§ Supplied records
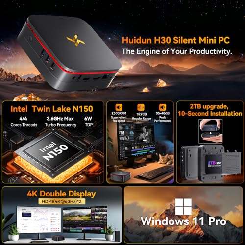 Huidun [3-Year Warranty] H30 Silent Mini PC N150 (Beat N97, Up to 3.6Ghz), 16GB RAM 512GB Mini Computers Win 11 Pro, Micro PC 4K Dual Display, USB3.2, Dual WiFi/BT/VESA Mount Mini Office PC
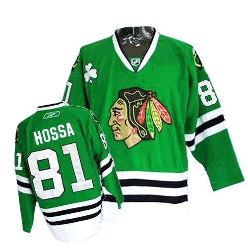 Wear what the players wear with this Marian Hossa Jersey Chicago Blackhawks 81 Authentic Green Man Jersey by Center Ice that replicates the player worn Pro-cut jersey in fabric, trim and team design! The fabric is four-way stretch mesh, which provides a balance of ventilation and range of motion in the underarm and back areas.
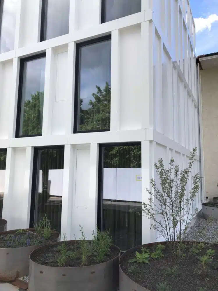 Kurzbeschrieb: Fassadenbau mit Holz-Metall-Fenster
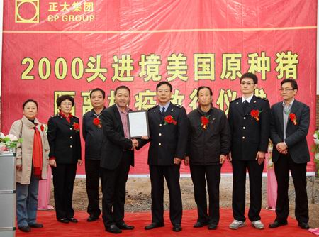放行仪式上,陕西出入境检验检疫局代表做了检疫放行报告:“经过3个多月的隔离检验,正大集团农牧食品企业(中国区)引进的2000头原种猪完全符合安全检疫标准,准予放行。”陕西出入境检验检疫局代表为正大集团陕西区陈强总裁颁发了《种猪检疫合格证书》。
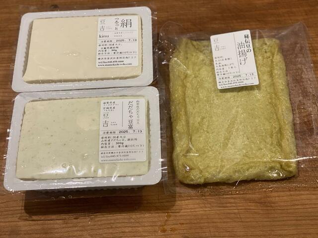 豆吉の3品(だだちゃ豆富、つるっと絹、秘伝豆の油揚げ)のうち、だだちゃ豆富は塩で、秘伝豆の油揚げは焼いただけで(大根おろし、生姜おろし、醤油)。
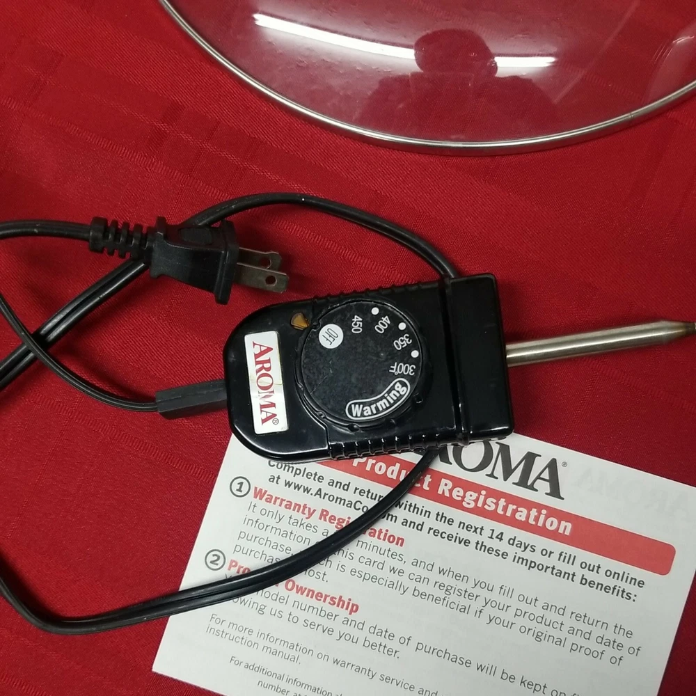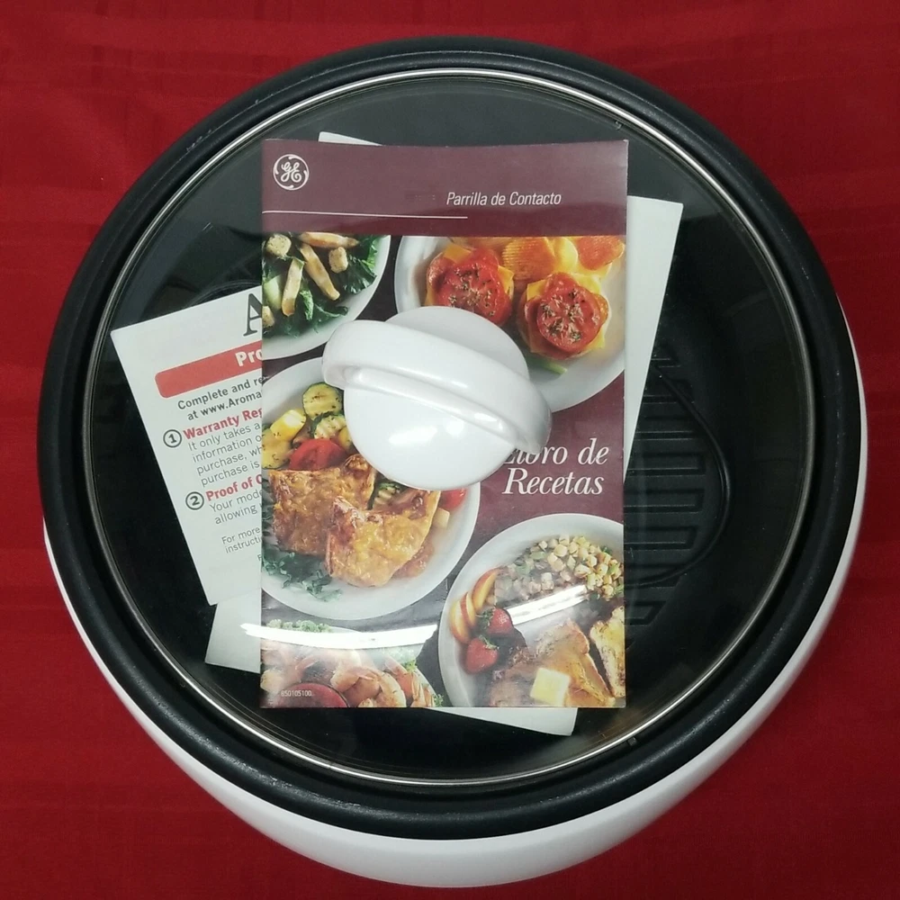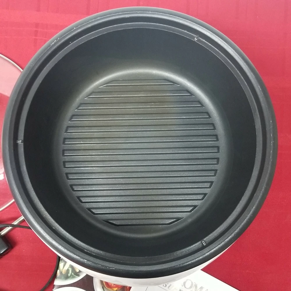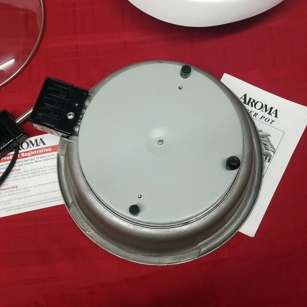 Aroma Super Pot w/ Grill Plate ASP-133 Housewares 3 Quart 10" 3-in-1 Recipe Book. It's a grill. It's a slow cooker. It's a food steamer. It's the Grillet! The Aroma Grillet 3-in-1 Indoor Grill is the hero of home cooking. Sizzling steaks. One-pot wonders. Healthy steamed meals. Prepare all this and more with the turn of a knob. Aroma takes the "cook" out of home cooking - turning kitchen time into your time! Tested: water boiled in a few minutes. Nice little appliance, looks good. Weight is 5 lb. 9.2 oz. without packaging. 12.5" x 7.5" SJ.31222.24.9
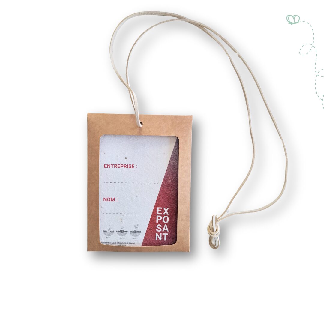 Notre porte badge et badge à planter présente plusieurs avantages. Tout d’abord il est plus responsable que les badges plastiques utilisés lors des événements éphémères. Ces badges plastique sont souvent aussitôt jetés… Ensuite, il est élégant. En effet, son joli écrin en papier kraft épais, et son tour de cou en cuir recyclé sont très esthétiques.
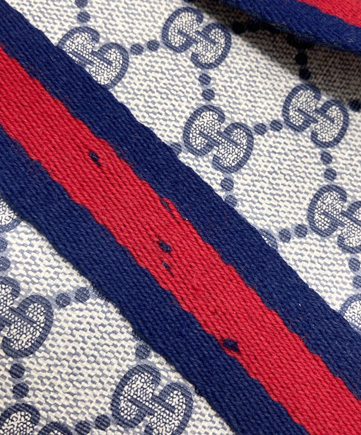 • GUCCI(グッチ)GUCCI (グッチ) シェリーライン GG柄 PVC トートバッグ ベージュ サイズ:なしの古着・服飾アイテム ショルダーホツレ有
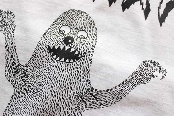 両手を広げた少し間抜けなモンスターがプリントされています。
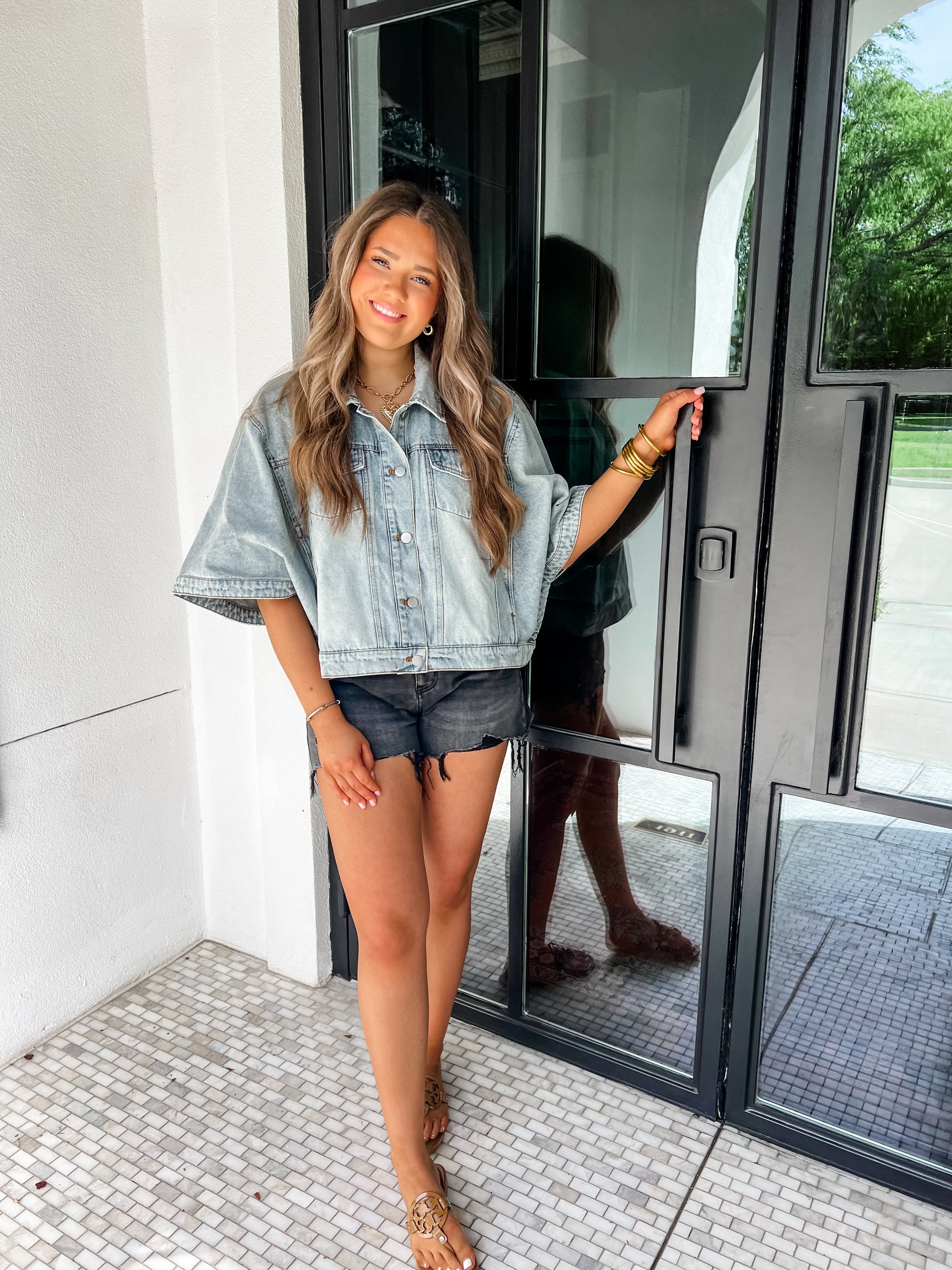 Experience the perfect blend of trendiness and comfort with our Callie Cape Denim Jacket! Its cape style and short sleeves add a touch of style while keeping you cool and comfortable. Upgrade your wardrobe with this versatile and fashionable piece.
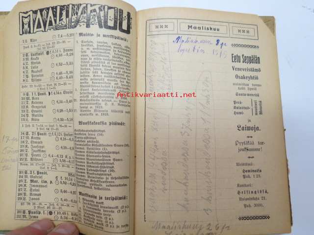 Kansanvalistusseuran Kalenteri 1919, sis. runsaasti mainoksia, artikkeleita, tilastotietoa, rautateitten ja postin kulku, virkamiehistö, puolueet,
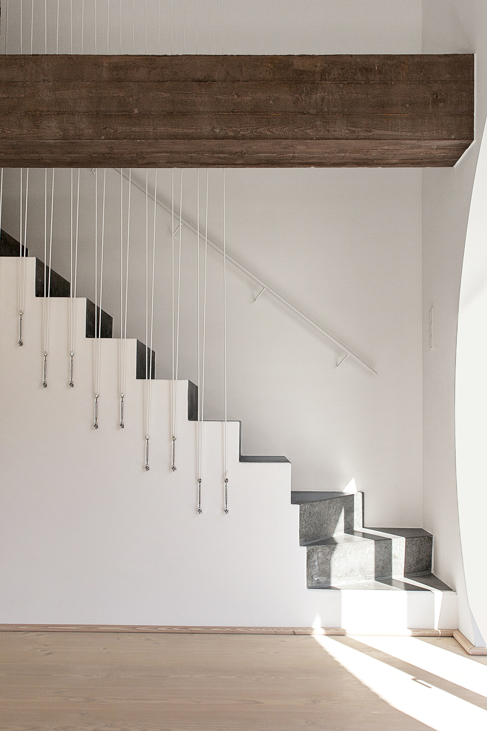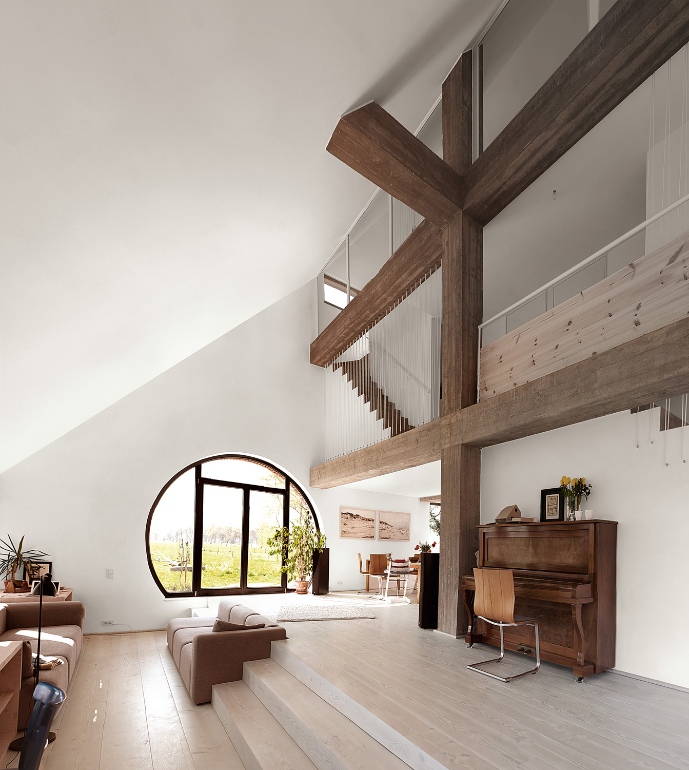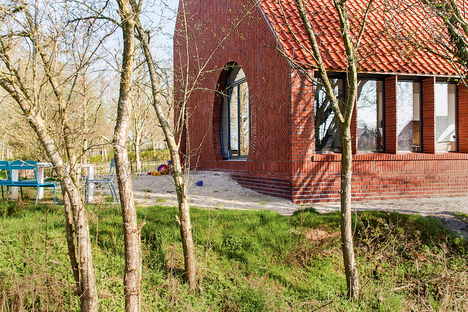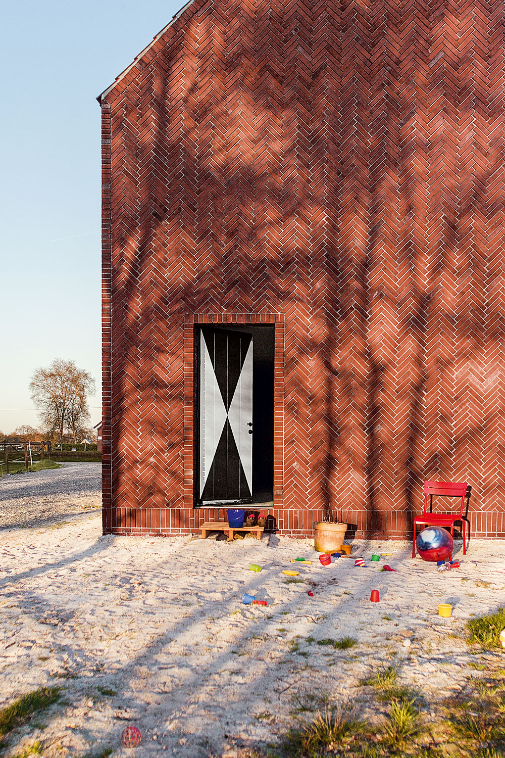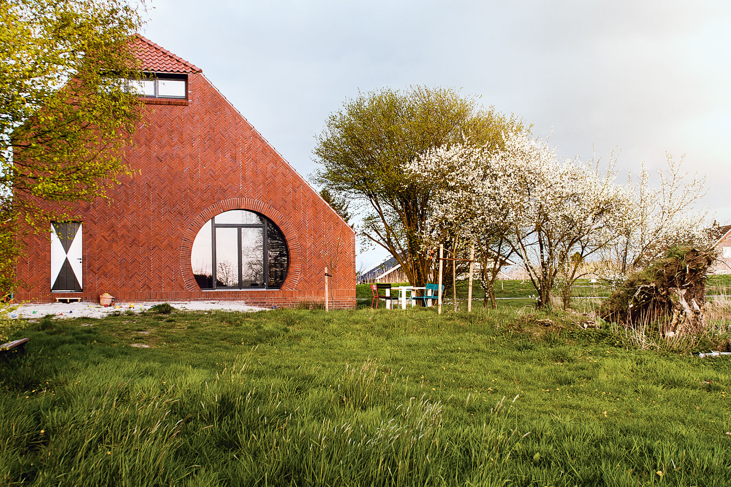 Das tiefe Dach, die Backstein-Fassade, die runden Fenster und die heraldisch dekorierte Tür greifen den Lokalstil der Region auf, der bis ins Mittelalter zurückgeht. Thomas Kröger hat diese Motive in ein modernes Haus auf dem Land überführt.

§ Task prompt
Exclude every picture and restate the listing word for word.

§ Answer for this exercise
 Huidun [3-Year Warranty] H30 Silent Mini PC N150 (Beat N97, Up to 3.6Ghz), 16GB RAM 512GB Mini Computers Win 11 Pro, Micro PC 4K Dual Display, USB3.2, Dual WiFi/BT/VESA Mount Mini Office PC
 Wear what the players wear with this Marian Hossa Jersey Chicago Blackhawks 81 Authentic Green Man Jersey by Center Ice that replicates the player worn Pro-cut jersey in fabric, trim and team design! The fabric is four-way stretch mesh, which provides a balance of ventilation and range of motion in the underarm and back areas.
 Kurzbeschrieb: Fassadenbau mit Holz-Metall-Fenster
放行仪式上,陕西出入境检验检疫局代表做了检疫放行报告:“经过3个多月的隔离检验,正大集团农牧食品企业(中国区)引进的2000头原种猪完全符合安全检疫标准,准予放行。”陕西出入境检验检疫局代表为正大集团陕西区陈强总裁颁发了《种猪检疫合格证书》。
 豆吉の3品(だだちゃ豆富、つるっと絹、秘伝豆の油揚げ)のうち、だだちゃ豆富は塩で、秘伝豆の油揚げは焼いただけで(大根おろし、生姜おろし、醤油)。
 Aroma Super Pot w/ Grill Plate ASP-133 Housewares 3 Quart 10" 3-in-1 Recipe Book. It's a grill. It's a slow cooker. It's a food steamer. It's the Grillet! The Aroma Grillet 3-in-1 Indoor Grill is the hero of home cooking. Sizzling steaks. One-pot wonders. Healthy steamed meals. Prepare all this and more with the turn of a knob. Aroma takes the "cook" out of home cooking - turning kitchen time into your time! Tested: water boiled in a few minutes. Nice little appliance, looks good. Weight is 5 lb. 9.2 oz. without packaging. 12.5" x 7.5" SJ.31222.24.9
 Notre porte badge et badge à planter présente plusieurs avantages. Tout d’abord il est plus responsable que les badges plastiques utilisés lors des événements éphémères. Ces badges plastique sont souvent aussitôt jetés… Ensuite, il est élégant. En effet, son joli écrin en papier kraft épais, et son tour de cou en cuir recyclé sont très esthétiques.
 • GUCCI(グッチ)GUCCI (グッチ) シェリーライン GG柄 PVC トートバッグ ベージュ サイズ:なしの古着・服飾アイテム ショルダーホツレ有
 両手を広げた少し間抜けなモンスターがプリントされています。
 Experience the perfect blend of trendiness and comfort with our Callie Cape Denim Jacket! Its cape style and short sleeves add a touch of style while keeping you cool and comfortable. Upgrade your wardrobe with this versatile and fashionable piece.
 Kansanvalistusseuran Kalenteri 1919, sis. runsaasti mainoksia, artikkeleita, tilastotietoa, rautateitten ja postin kulku, virkamiehistö, puolueet,
 Das tiefe Dach, die Backstein-Fassade, die runden Fenster und die heraldisch dekorierte Tür greifen den Lokalstil der Region auf, der bis ins Mittelalter zurückgeht. Thomas Kröger hat diese Motive in ein modernes Haus auf dem Land überführt.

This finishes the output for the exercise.